WITH MergedAvailable
AS
(
SELECT Available.UserID, Available.AvailStart, MAX(Available.AvailEnd) AS AvailEnd
FROM Available
WHERE (
SELECT COUNT(*)
FROM Available AS InnerAvailable
WHERE InnerAvailable.AvailStart < Available.AvailStart
AND
InnerAvailable.AvailEnd >= Available.AvailStart
) = 0
GROUP BY Available.UserID, Available.AvailStart
UNION ALL
SELECT MergedAvailable.UserID, MergedAvailable.AvailStart,
LongestExtensionToAvailableInterval.NewIntervalEnd
FROM MergedAvailable
CROSS APPLY GetLongestExtensionToAvailableInterval(MergedAvailable.UserID,
MergedAvailable.AvailStart,
MergedAvailable.AvailEnd) AS LongestExtensionToAvailableInterval
WHERE LongestExtensionToAvailableInterval.NewIntervalEnd IS NOT NULL
)
SELECT SUM(DATEDIFF(MINUTE,
FinalAvailable.AvailStart,
FinalAvailable.AvailEnd)) AS MinsAvailable
FROM (
SELECT MergedAvailable.UserID, MergedAvailable.AvailStart,
MAX(MergedAvailable.AvailEnd) AS AvailEnd
FROM MergedAvailable
GROUP BY MergedAvailable.UserID, MergedAvailable.AvailStart
) AS FinalAvailable
This table function is required:
CREATE FUNCTION GetLongestExtensionToAvailableInterval
(
@UserID int,
@CurrentIntervalStart datetime,
@CurrentIntervalEnd datetime
)
RETURNS TABLE
AS
RETURN
SELECT MAX(Available.AvailEnd) AS NewIntervalEnd
FROM Available
WHERE Available.UserID = @UserID
AND
Available.AvailStart > @CurrentIntervalStart
AND
Available.AvailStart <= @CurrentIntervalEnd
AND
Available.AvailEnd > @CurrentIntervalEnd
The general idea is that it starts from all ranges where the start of the range isn't overlapping anything, and then with every recursion it extends the current range to the furthest extent of the currently overlapping ranges. The table function is needed to determine the furthest extent, as recursing sections of CTEs are not allowed to included plain aggregates.

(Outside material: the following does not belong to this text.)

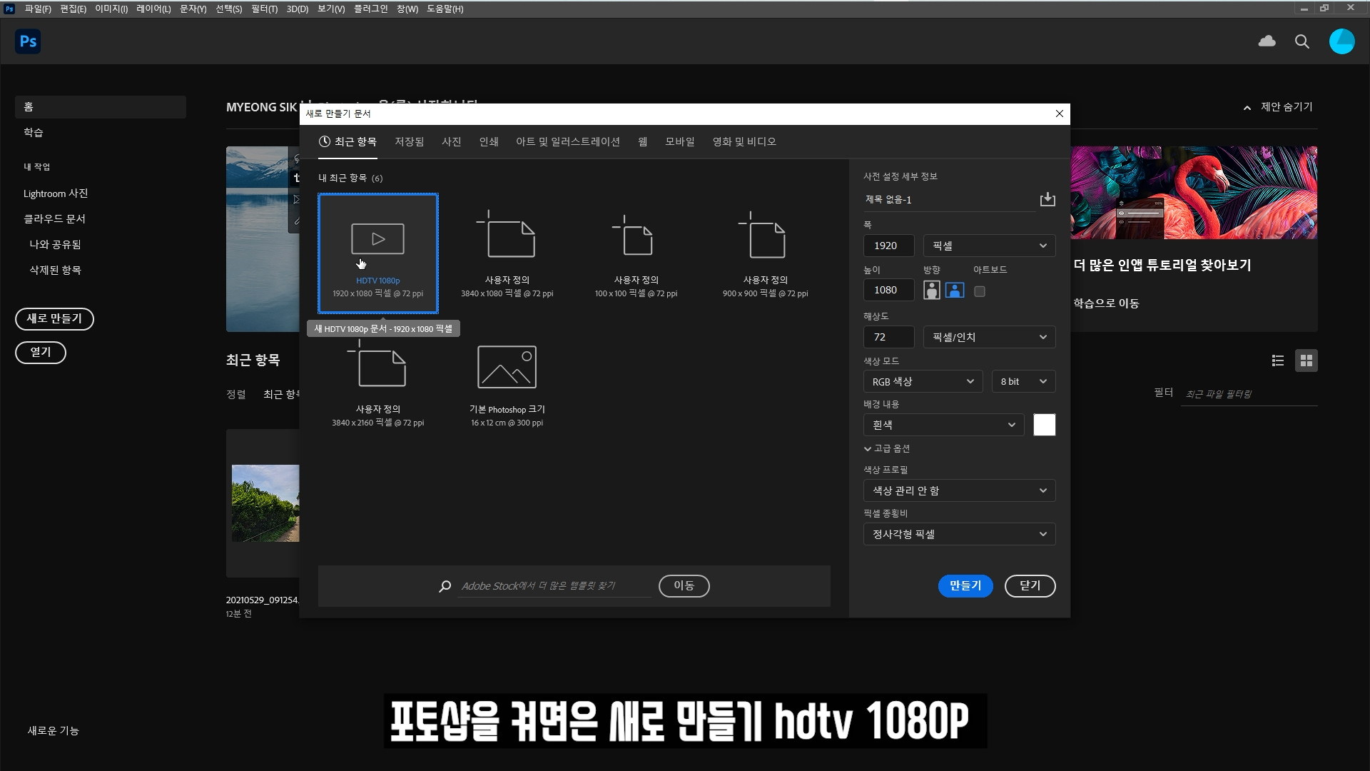 이 덕분에 새로 만들기 'hdtv 1080p' 이거를 선택해서 자주 만들게 됩니다.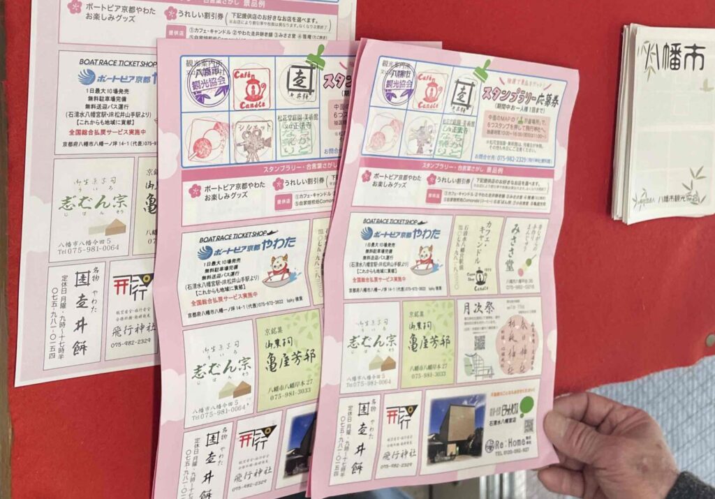 スタンプラリー用紙にもなる「まちかどひなまつりチラシ」は、京阪石清水八幡宮駅前の観光案内所でも配布中!

With the data you've provided, the starting rows are:
456 2012-11-19 16:00 2012-11-19 17:10
456 2012-11-19 17:30 2012-11-19 18:10
The only row which ends up being added via the recursion is:
456 2012-11-19 17:30 2012-11-19 18:30
For the sake of the example, say you had a row with ID 7 which went from 18:20 to 19:20. Then there would be a second recursion which brought back the row:
456 2012-11-19 17:30 2012-11-19 19:20
So while the query will get to the start and end of each overlapping range, it will also be bringing back all the intermediate stages. This is why we need to take the aggregate maximum end date for each start date after the CTE, to remove them.
回答4:
Condition t1.availStart > t2.availEnd OR t1.availEnd < t2.availStart check period which will never be crossed. If it is crossed then minimum availStart or maximum availEnd esle availStart or availEnd.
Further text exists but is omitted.